De: Pedro Bismarck - "Em resposta a João Faria"

Submetido por taf em Quinta, 2010-04-08 11:35

Caro João Faria,

Pode não acreditar mas estou absolutamente de acordo. Mas repare-se que, quando falo de Centro Histórico, falo do núcleo central da cidade onde este projecto se insere (Sé, Mouzinho, Flores). E não falo da Baixa em geral. A zona de Santa Catarina (por exemplo) tem outras condições para receber um tráfego automóvel mais intenso. Algo que dificilmente poderá acontecer na Rua das Flores ou na Rua da Vitória. Mas independentemente do que o carro possibilita ou não, o que eu digo é que não pode ser esse o mote para Reabilitação. É preciso diferenciar as áreas. Reter o que elas têm de característico e singular e adaptar as estratégias de intervenção. Porque senão em vez de reabilitar estamos a destruir. E isso é tudo o que a SRU não faz. É tudo igual. E tudo segundo critérios muito discutíveis. Estamos à beira de perder grandes áreas de património arquitectónico à custa de projectos de tendência suburbana, de grande escala. Para inserir carros no Centro Histórico vai ter de ser sempre ao nível da micro-escala, de pequenos projectos: sempre houve recolhas, já existem alguns parques de estacionamento, e agora há, inclusivamente, leasing de automóveis.
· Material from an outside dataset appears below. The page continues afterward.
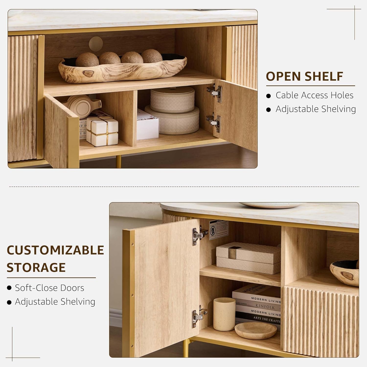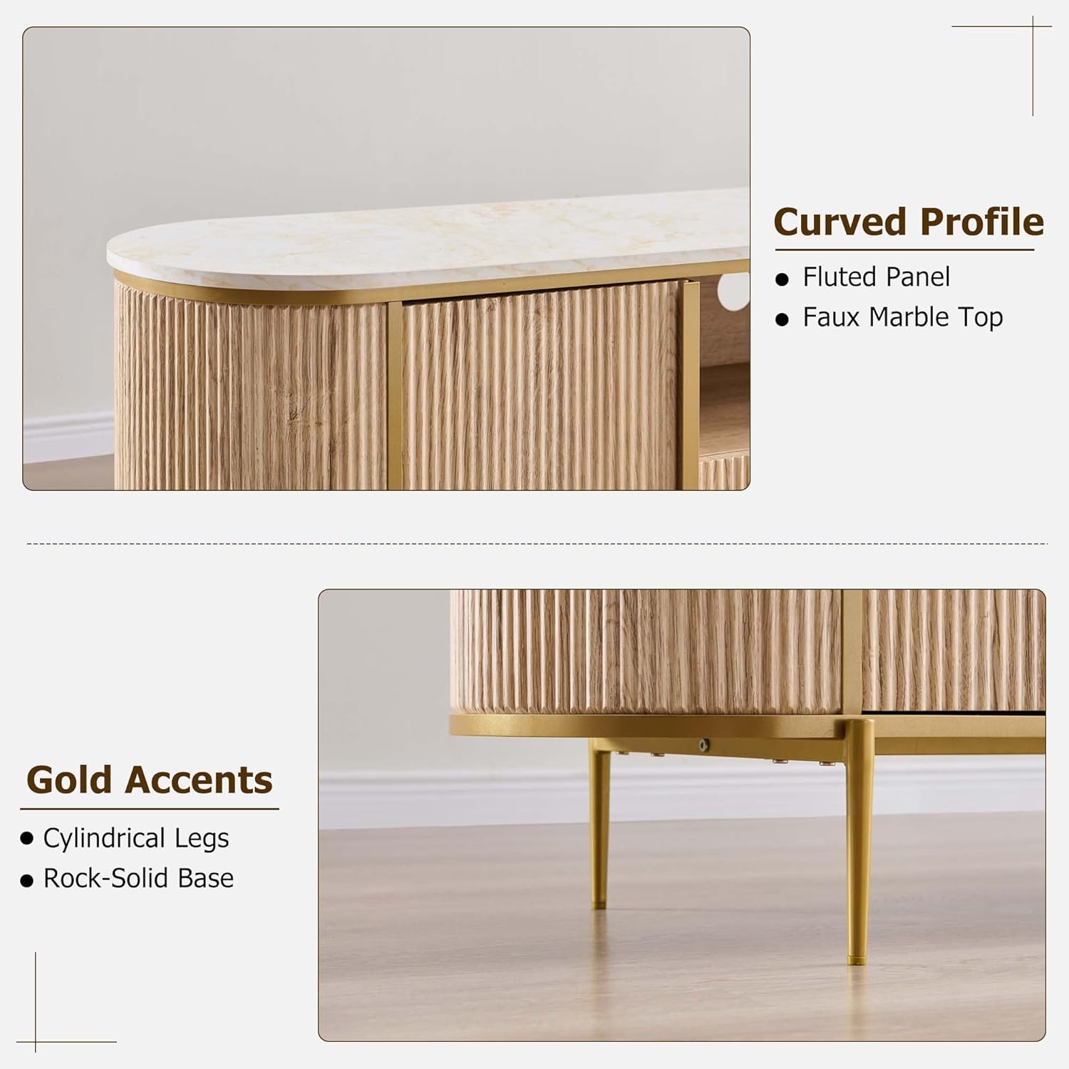 - 70 "LARGE LUXURY TV STAND: The distinctive wave-like fluted panel and Curved Profile Design make it can be effortless paired with other modern furniture styles. The White/Dark Blue/Natural Oak faux marble top replicates natural marble patterns, maintaining a sense of luxury while reducing weight. Golden metal accents add a touch of visual opulence, and the warm golden tones bring a cozy atmosphere to the room, making it your ideal modern luxury piece for the living room.

Não podemos simplesmente adaptar a Sé a uma lógica automóvel que nunca teve. Eu não digo que ninguém pode ter carro, eu próprio tenho carro (vendo, aliás!). Aliás, a cidade só será interessante e só será cidade nessa multiplicidade de estilos e formas de vida. O que eu digo é que essa não pode ser a única lógica de intervenção, adaptando à força um tecido urbano que tem mais de 800 anos. Tem de haver outras lógicas, outras preocupações para, de facto, transformar a cidade numa urbanidade: espaço público, parques infantis (não há um único parque infantil em toda a zona dos Clérigos, por exemplo), limpeza, segurança, benefícios para moradores ou isenção de taxas de estacionamento, equipamentos. Enfim, uma miríade de opções, possibilidades, e elas estão aí, já são utilizadas em muitas cidades.

O que este projecto quanto a mim demonstra é o equívoco de toda a acção da SRU e o processo em curso de transformar um centro histórico (e uma baixa) numa espécie de parque temático e de diversões, segundo uma lógica meramente económica (deixando de preferência fachadas com automóveis no primeiro piso) e não segundo o interesse público que ela de facto deve ter. Porque a lógica pode ser a do privado e a do mercado, mas a cidade é de todos e por isso o interesse é público. Eu quanto a mim preferiria um túnel de metro e não estar à espera mais cinco anos pela ligação São-Bento - Foz. Porque, no fim, nem eu nem vocé teremos dinheiro para pagar aqueles lugares de estacionamento, e provavelmente nem as rendas, e aí teremos os dois de sair da Baixa.